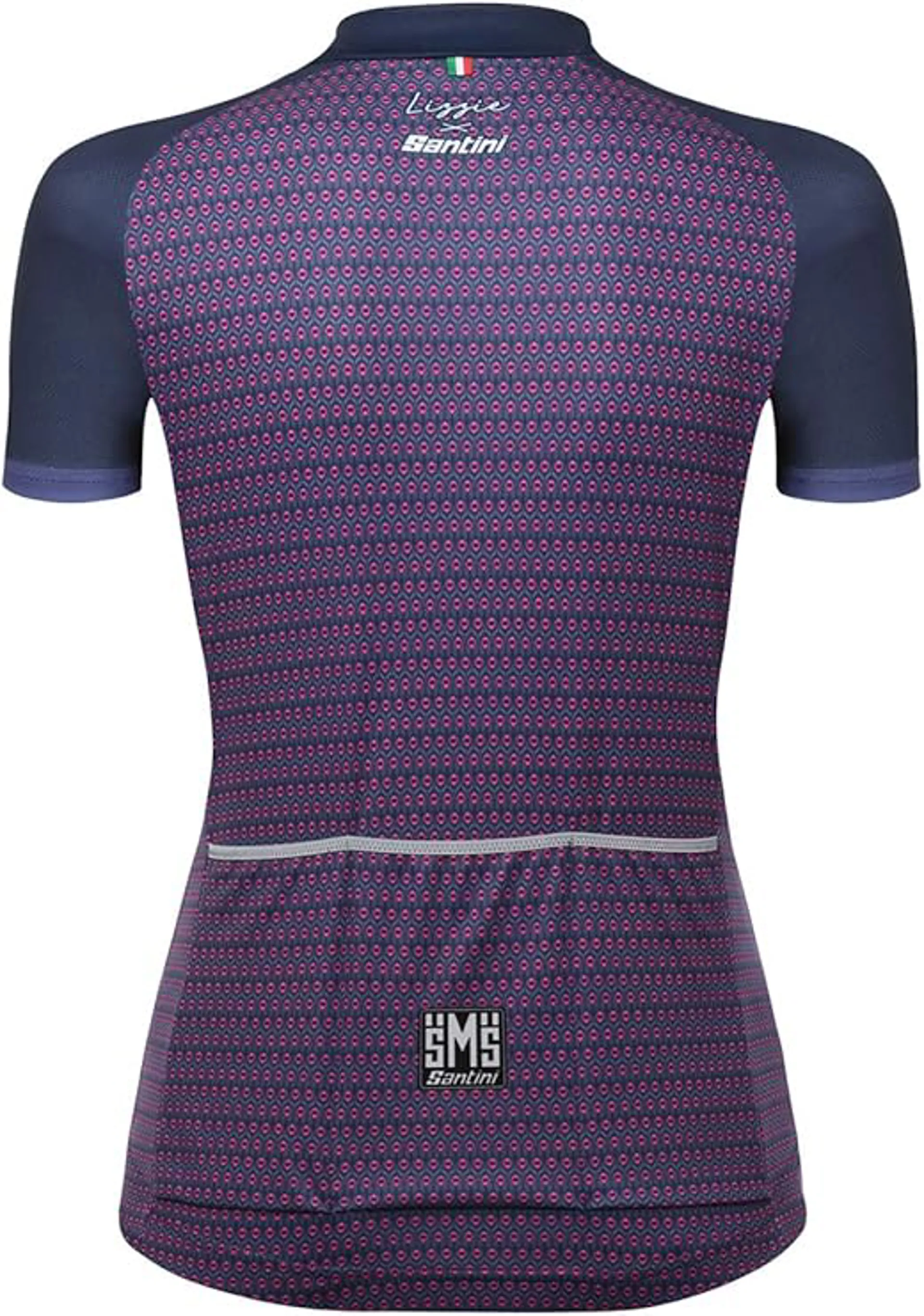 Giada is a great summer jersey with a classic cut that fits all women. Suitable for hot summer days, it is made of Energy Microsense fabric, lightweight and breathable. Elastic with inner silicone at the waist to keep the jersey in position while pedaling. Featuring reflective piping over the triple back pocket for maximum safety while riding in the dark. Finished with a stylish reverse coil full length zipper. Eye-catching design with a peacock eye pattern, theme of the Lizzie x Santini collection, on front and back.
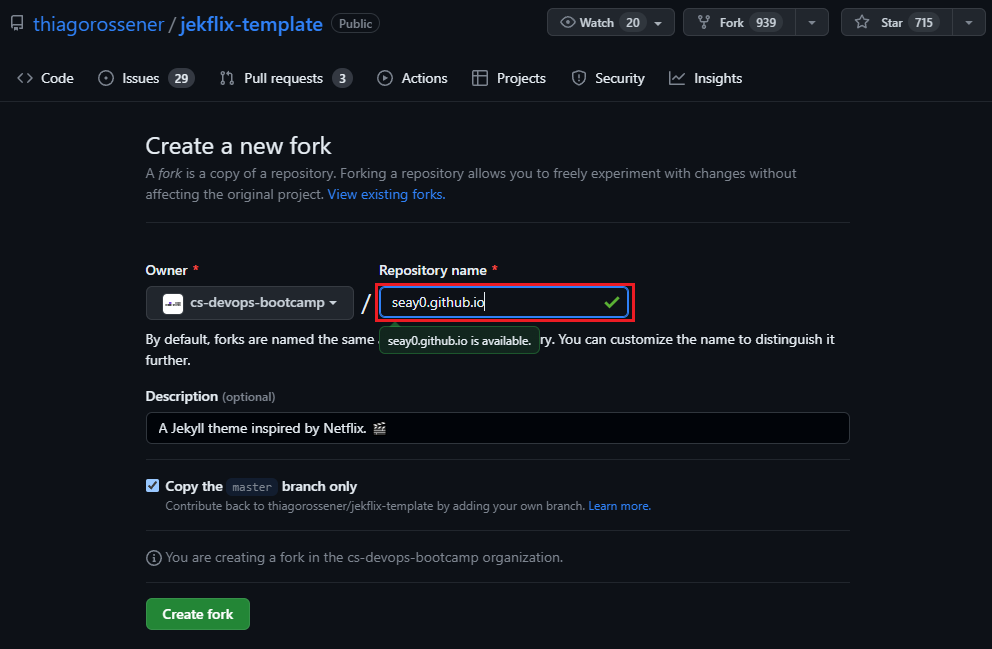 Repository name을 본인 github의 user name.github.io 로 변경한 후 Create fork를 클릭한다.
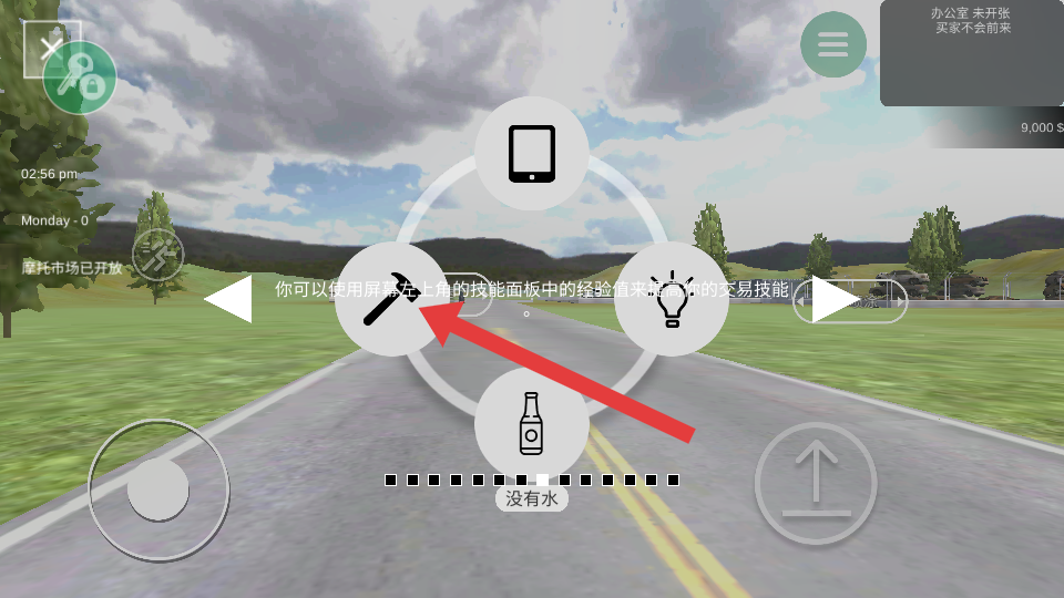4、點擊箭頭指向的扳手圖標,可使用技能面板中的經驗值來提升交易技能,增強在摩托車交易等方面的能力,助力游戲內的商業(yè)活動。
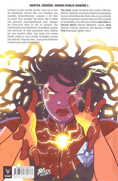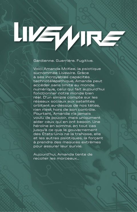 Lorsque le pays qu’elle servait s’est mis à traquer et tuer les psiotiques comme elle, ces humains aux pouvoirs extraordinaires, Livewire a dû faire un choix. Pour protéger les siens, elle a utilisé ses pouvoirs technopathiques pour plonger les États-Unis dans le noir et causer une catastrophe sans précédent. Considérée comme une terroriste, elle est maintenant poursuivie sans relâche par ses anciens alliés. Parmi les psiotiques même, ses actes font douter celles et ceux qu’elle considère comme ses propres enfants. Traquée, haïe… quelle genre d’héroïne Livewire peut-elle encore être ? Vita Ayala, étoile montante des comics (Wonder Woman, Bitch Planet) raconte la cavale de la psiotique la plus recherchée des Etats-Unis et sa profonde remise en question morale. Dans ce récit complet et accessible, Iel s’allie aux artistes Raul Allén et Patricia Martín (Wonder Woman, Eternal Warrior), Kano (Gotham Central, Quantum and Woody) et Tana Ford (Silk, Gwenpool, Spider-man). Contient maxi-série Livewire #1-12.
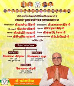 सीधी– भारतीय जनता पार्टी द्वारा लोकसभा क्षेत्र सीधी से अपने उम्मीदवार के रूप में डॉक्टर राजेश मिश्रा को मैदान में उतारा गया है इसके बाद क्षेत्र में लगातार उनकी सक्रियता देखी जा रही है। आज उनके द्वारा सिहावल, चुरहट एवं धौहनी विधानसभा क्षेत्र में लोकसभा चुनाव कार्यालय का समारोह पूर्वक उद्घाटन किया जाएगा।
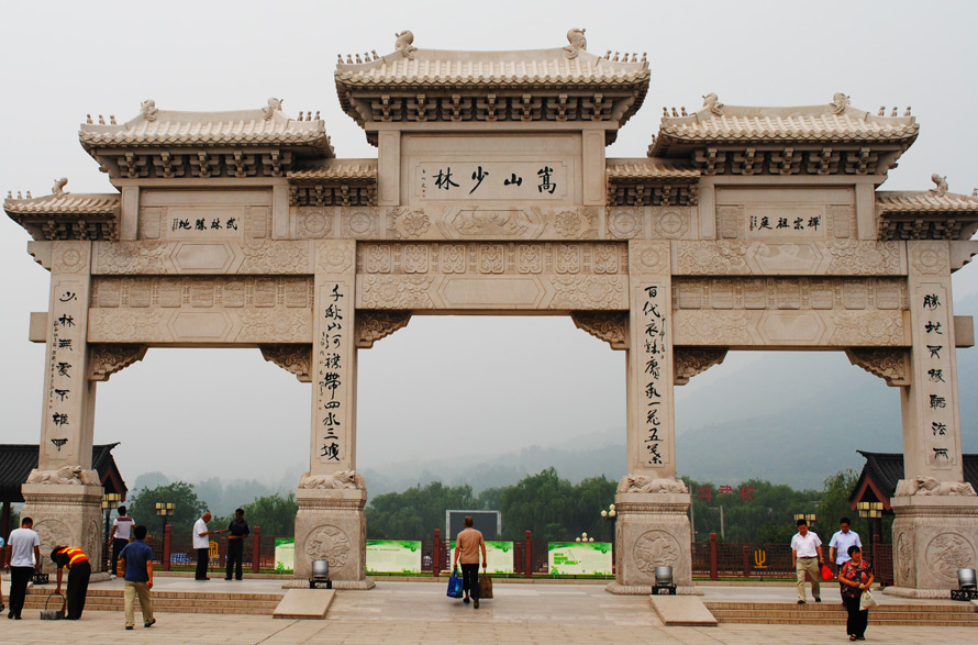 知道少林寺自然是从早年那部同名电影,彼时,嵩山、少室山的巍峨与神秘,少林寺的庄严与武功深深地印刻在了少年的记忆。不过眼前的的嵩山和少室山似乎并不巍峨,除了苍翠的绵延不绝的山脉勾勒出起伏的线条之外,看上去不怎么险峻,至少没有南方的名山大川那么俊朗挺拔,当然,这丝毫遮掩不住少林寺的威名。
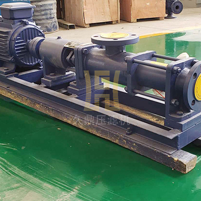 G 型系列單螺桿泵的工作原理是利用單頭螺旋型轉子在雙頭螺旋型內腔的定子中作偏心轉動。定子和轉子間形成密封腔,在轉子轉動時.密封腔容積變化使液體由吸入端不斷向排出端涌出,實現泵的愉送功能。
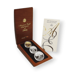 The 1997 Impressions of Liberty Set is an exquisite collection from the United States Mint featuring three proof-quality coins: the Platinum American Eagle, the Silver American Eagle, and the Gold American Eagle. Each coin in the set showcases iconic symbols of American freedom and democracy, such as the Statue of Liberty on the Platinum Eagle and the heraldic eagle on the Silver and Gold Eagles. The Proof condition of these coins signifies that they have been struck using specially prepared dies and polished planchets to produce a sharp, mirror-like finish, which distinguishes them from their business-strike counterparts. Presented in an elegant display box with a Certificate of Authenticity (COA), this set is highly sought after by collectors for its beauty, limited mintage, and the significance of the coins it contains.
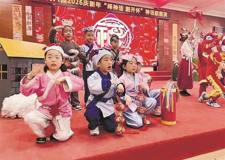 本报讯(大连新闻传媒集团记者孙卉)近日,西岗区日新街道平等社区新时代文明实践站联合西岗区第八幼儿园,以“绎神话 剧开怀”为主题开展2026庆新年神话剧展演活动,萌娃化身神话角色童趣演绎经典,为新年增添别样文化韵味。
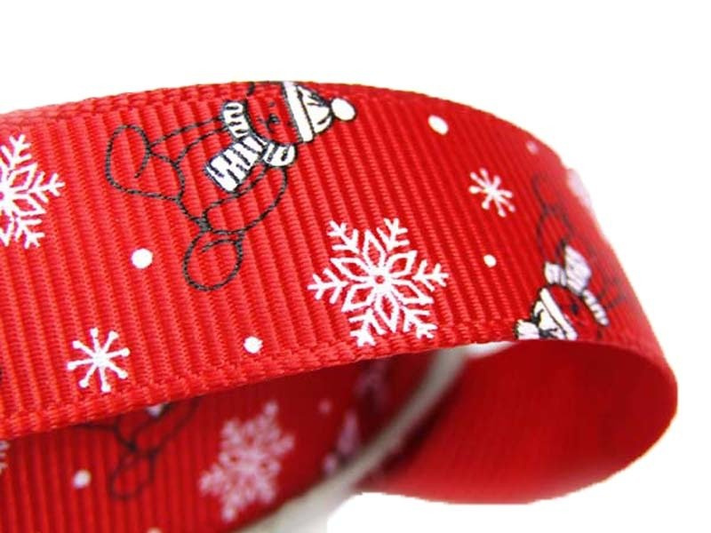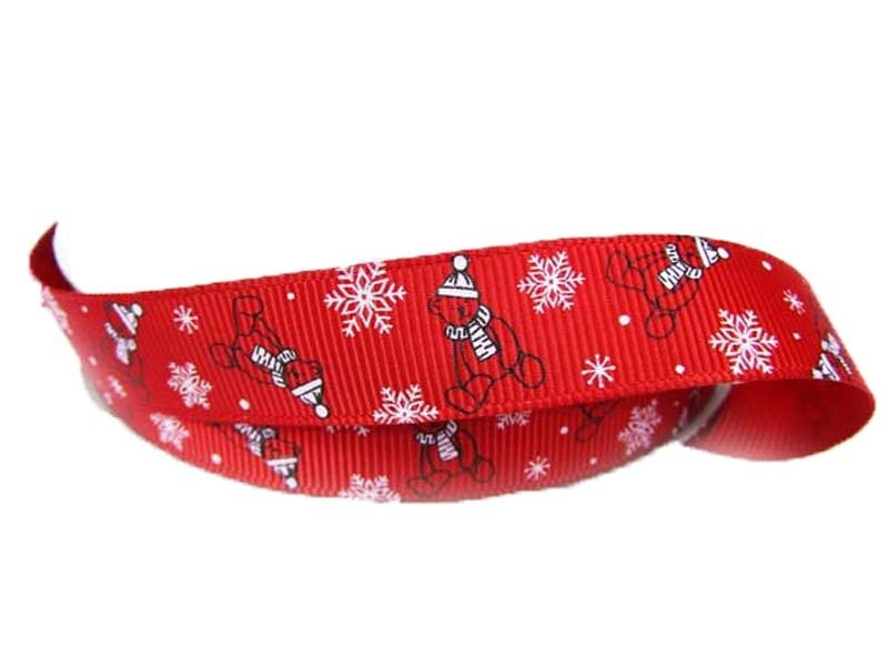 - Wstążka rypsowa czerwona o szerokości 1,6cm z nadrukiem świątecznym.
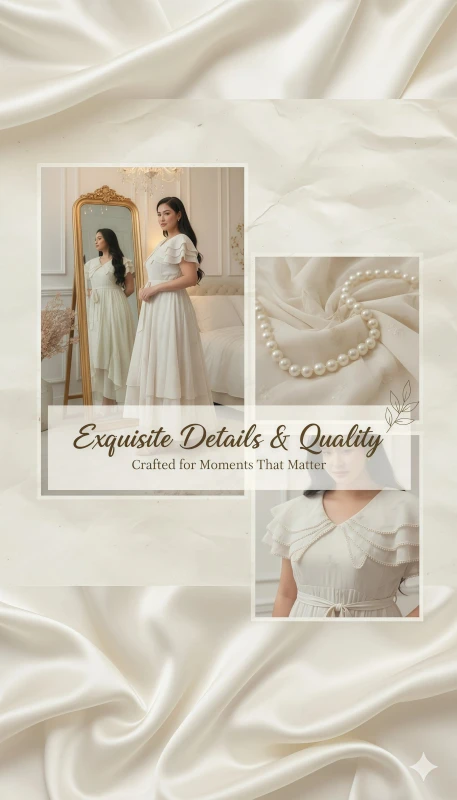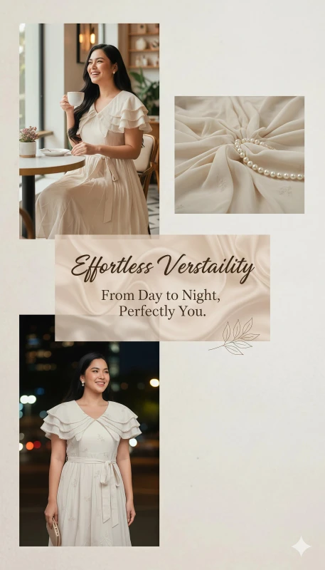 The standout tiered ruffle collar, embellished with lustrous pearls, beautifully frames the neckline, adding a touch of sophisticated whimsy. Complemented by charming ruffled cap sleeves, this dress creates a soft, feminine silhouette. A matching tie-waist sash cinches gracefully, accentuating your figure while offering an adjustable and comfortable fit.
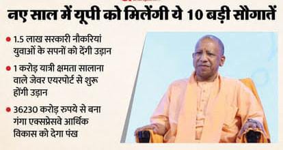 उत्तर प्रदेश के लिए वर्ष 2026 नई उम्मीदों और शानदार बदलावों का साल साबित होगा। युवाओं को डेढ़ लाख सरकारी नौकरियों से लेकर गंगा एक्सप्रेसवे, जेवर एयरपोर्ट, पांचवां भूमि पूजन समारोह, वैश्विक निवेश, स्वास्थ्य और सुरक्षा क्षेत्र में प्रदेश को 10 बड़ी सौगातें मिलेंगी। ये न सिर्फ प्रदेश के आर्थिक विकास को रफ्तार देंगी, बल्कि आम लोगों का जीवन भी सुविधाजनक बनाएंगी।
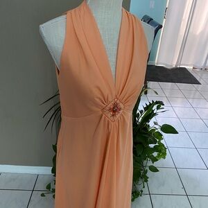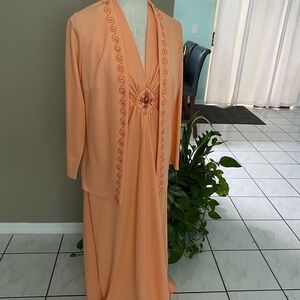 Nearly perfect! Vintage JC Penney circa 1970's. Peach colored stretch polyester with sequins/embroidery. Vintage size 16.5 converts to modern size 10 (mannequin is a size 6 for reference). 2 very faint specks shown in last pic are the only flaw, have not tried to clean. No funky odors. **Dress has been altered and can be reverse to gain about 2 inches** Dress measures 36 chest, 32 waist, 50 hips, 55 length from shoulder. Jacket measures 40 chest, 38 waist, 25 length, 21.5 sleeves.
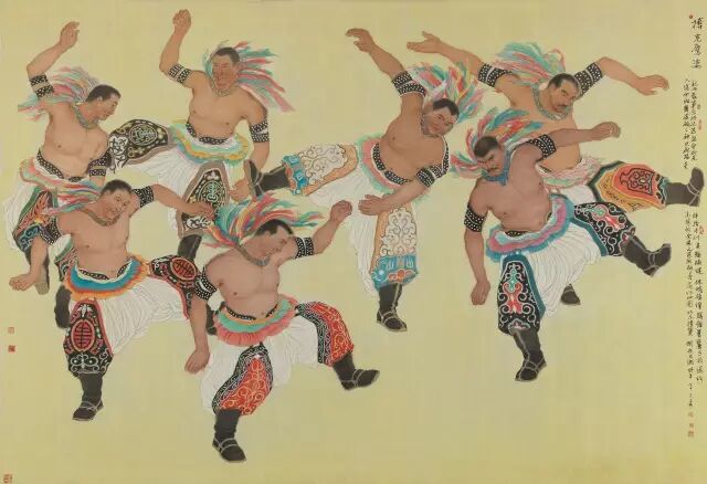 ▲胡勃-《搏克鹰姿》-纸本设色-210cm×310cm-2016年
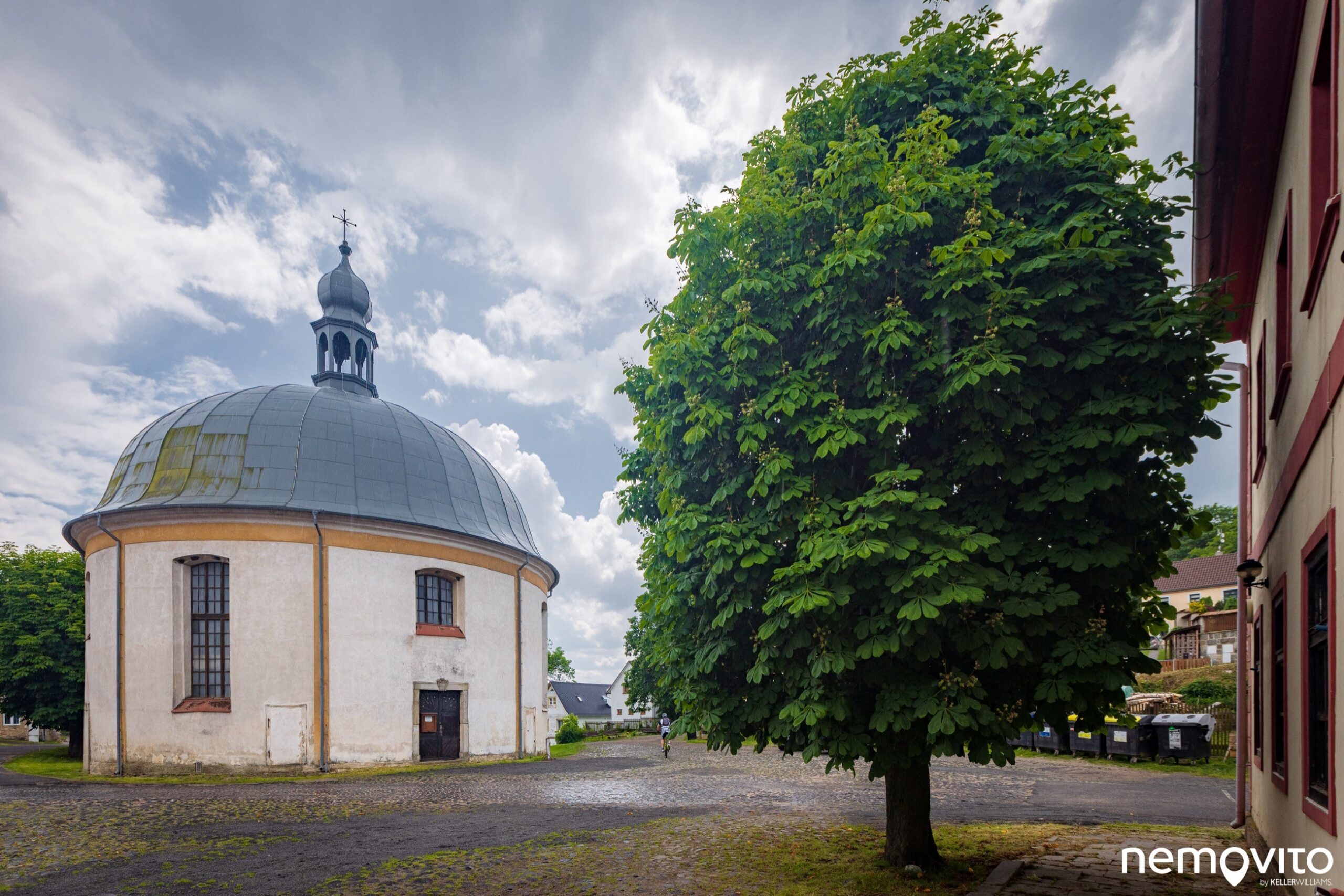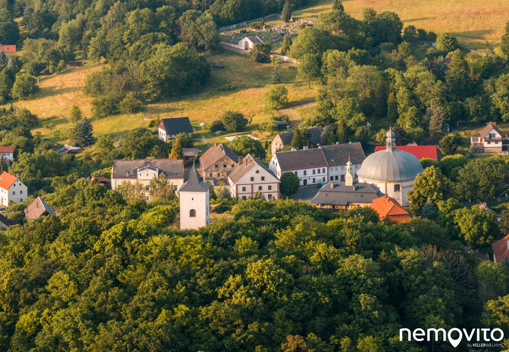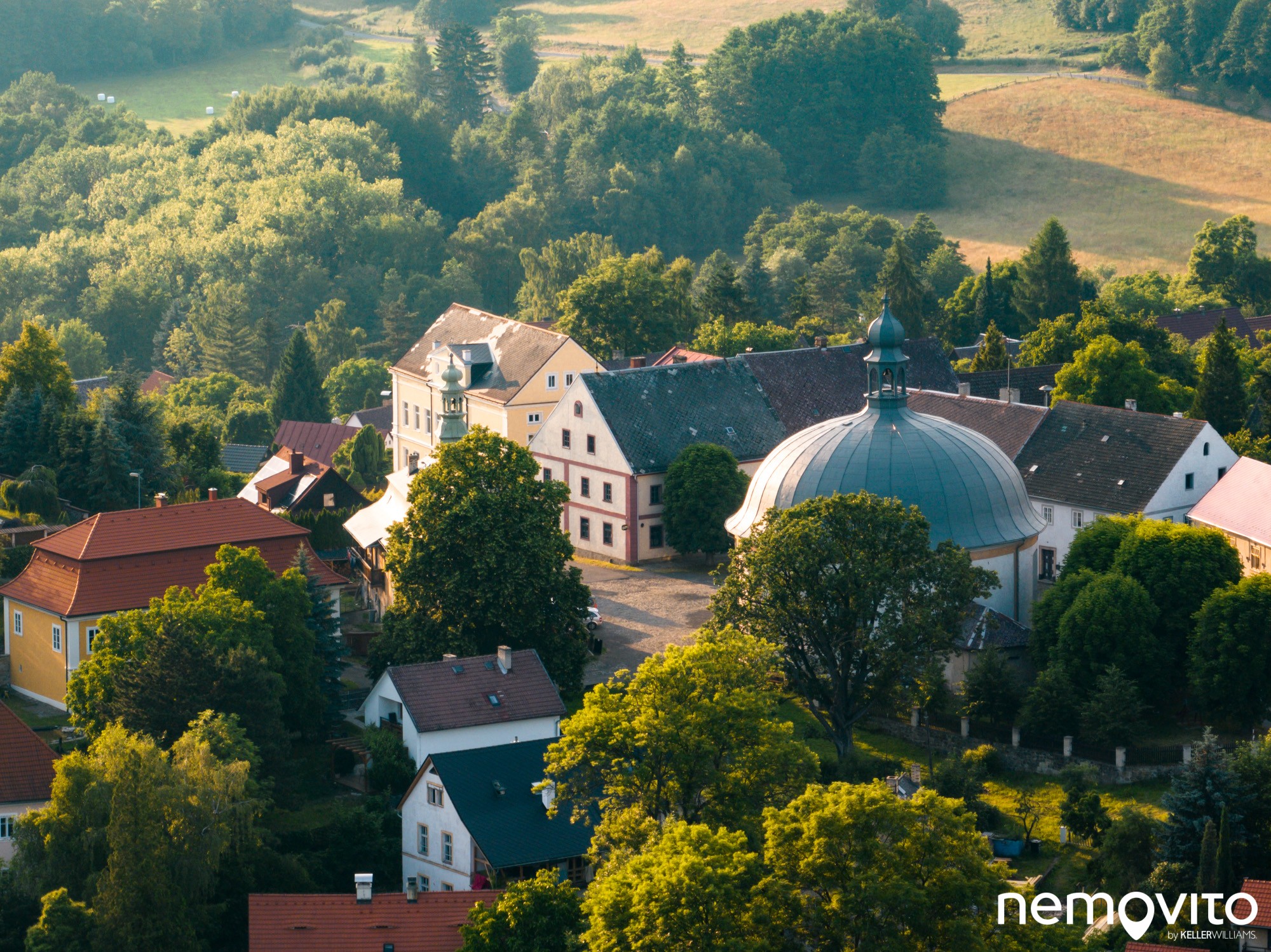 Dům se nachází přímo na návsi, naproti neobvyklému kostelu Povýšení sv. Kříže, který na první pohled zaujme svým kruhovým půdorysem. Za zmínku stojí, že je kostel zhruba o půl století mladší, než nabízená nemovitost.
········
* **PROBLEM STATEMENT**: Leaving each picture behind, please give again exactly the lines above from the one with "知道少林寺自然是从早年那部同" through the one with "G 型系列單螺桿泵的工作原理", both included, and no others.

* **RESULT**:
 知道少林寺自然是从早年那部同名电影,彼时,嵩山、少室山的巍峨与神秘,少林寺的庄严与武功深深地印刻在了少年的记忆。不过眼前的的嵩山和少室山似乎并不巍峨,除了苍翠的绵延不绝的山脉勾勒出起伏的线条之外,看上去不怎么险峻,至少没有南方的名山大川那么俊朗挺拔,当然,这丝毫遮掩不住少林寺的威名。
 G 型系列單螺桿泵的工作原理是利用單頭螺旋型轉子在雙頭螺旋型內腔的定子中作偏心轉動。定子和轉子間形成密封腔,在轉子轉動時.密封腔容積變化使液體由吸入端不斷向排出端涌出,實現泵的愉送功能。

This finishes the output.